WHAT IS NEEDED: I would like the lines below, from the one with "Прогноз магнитных бурь" through the one with "Несколько печенек я", copied exactly and without any pictures.

══ SOURCE RECORDS ══

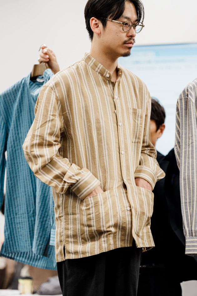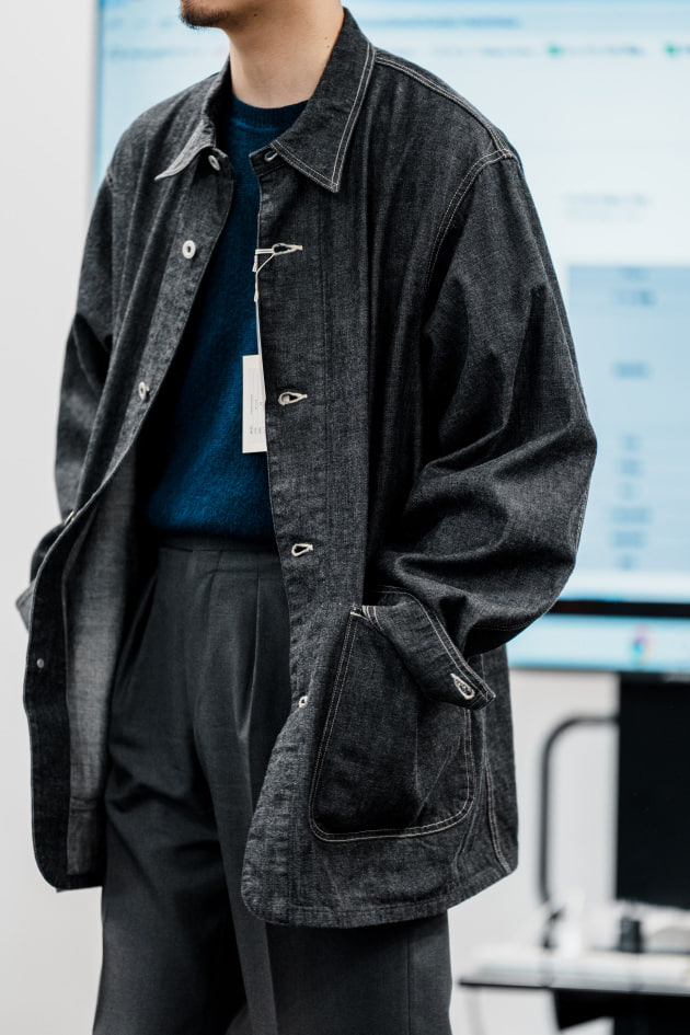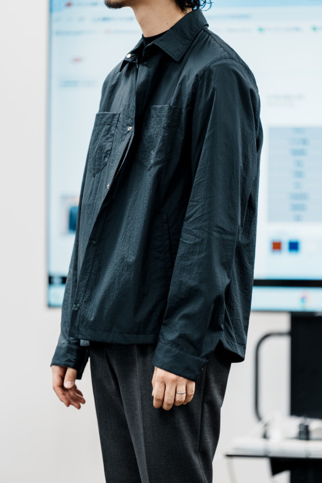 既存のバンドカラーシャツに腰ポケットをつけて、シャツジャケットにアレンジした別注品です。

═══
══ SOURCE RECORDS ══

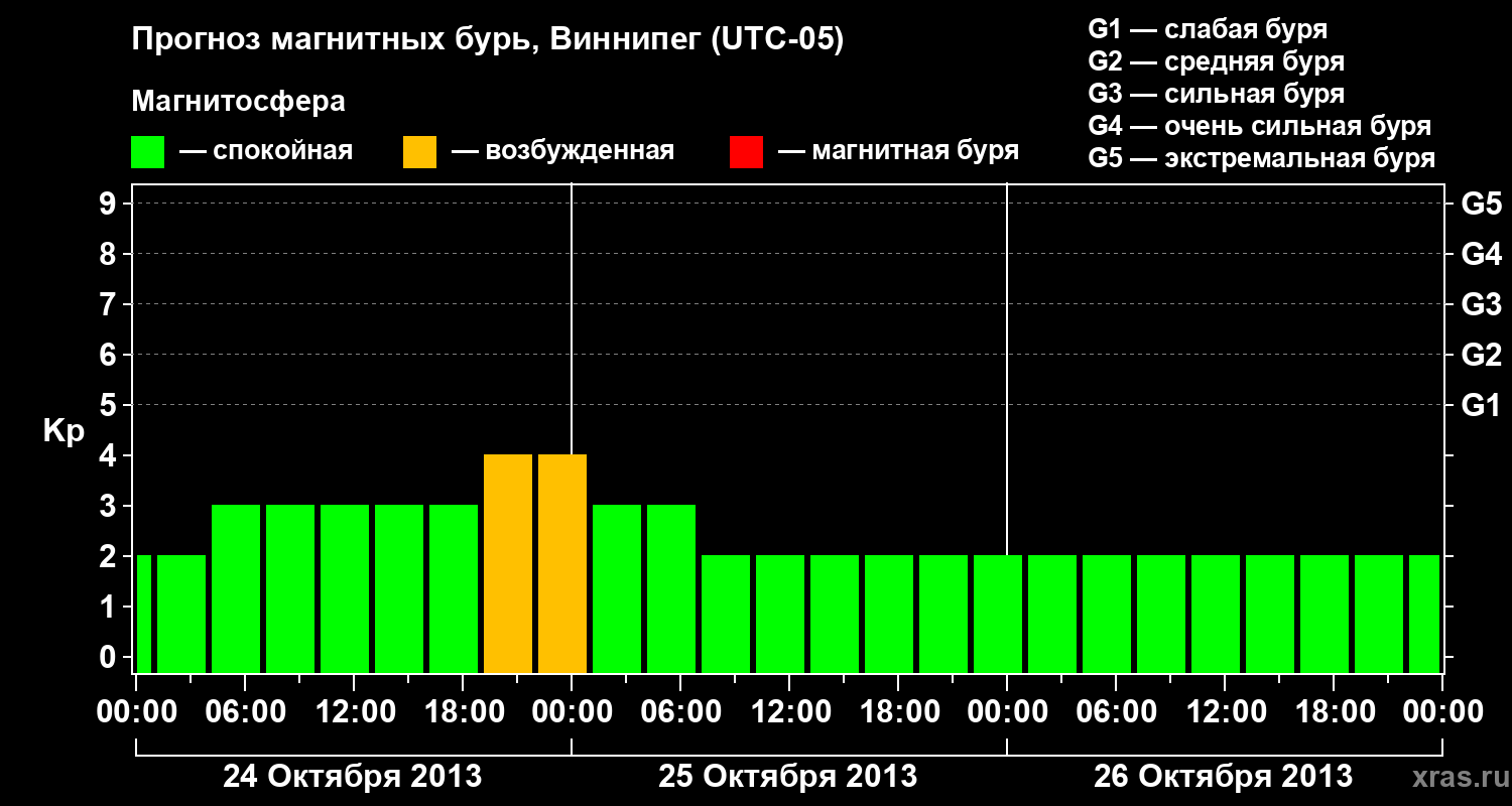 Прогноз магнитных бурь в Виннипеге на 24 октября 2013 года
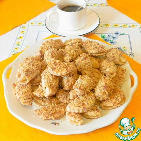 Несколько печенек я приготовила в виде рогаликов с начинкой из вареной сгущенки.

═══

SOLUTION FOR THIS EXERCISE:
 Прогноз магнитных бурь в Виннипеге на 24 октября 2013 года
 Несколько печенек я приготовила в виде рогаликов с начинкой из вареной сгущенки.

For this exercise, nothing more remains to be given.